▸ Exercise
In the records below, find the line containing "Beatriz Aurora Pinzon" and the line containing "In terms of". Give again exactly those lines and every line between them, omitting the pictures.

▸ Data for the task

-*-*-

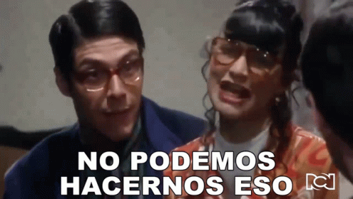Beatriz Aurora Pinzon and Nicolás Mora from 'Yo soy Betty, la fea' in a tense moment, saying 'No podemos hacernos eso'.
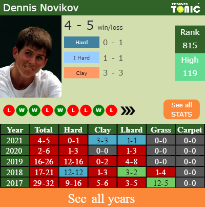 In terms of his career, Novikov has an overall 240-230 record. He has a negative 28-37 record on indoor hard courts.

-*-*-

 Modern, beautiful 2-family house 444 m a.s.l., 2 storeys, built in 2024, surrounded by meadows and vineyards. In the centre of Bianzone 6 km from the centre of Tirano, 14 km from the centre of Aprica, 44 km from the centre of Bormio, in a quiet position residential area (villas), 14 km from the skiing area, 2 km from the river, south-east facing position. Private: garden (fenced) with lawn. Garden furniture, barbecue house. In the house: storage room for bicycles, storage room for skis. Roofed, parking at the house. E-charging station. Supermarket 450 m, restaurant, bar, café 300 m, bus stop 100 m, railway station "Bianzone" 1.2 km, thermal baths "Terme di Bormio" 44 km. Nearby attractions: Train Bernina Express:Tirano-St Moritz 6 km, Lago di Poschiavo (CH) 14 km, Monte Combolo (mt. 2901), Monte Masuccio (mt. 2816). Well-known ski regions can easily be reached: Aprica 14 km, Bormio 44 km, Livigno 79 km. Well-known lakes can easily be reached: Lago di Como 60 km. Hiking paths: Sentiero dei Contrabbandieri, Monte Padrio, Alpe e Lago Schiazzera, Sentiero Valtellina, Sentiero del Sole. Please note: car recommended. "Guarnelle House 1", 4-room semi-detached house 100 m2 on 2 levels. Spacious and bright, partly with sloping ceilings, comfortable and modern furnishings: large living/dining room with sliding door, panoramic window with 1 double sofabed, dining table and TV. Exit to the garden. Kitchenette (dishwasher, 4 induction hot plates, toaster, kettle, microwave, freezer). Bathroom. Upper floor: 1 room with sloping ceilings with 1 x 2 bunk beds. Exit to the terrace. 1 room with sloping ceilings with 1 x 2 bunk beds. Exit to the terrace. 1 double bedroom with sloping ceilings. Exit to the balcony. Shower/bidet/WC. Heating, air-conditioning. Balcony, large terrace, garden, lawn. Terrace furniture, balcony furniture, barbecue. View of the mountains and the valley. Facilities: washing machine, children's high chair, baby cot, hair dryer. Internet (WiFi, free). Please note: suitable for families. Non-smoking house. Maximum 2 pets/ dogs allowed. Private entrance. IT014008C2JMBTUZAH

-*-*-

▸ The completed task
Beatriz Aurora Pinzon and Nicolás Mora from 'Yo soy Betty, la fea' in a tense moment, saying 'No podemos hacernos eso'.
 In terms of his career, Novikov has an overall 240-230 record. He has a negative 28-37 record on indoor hard courts.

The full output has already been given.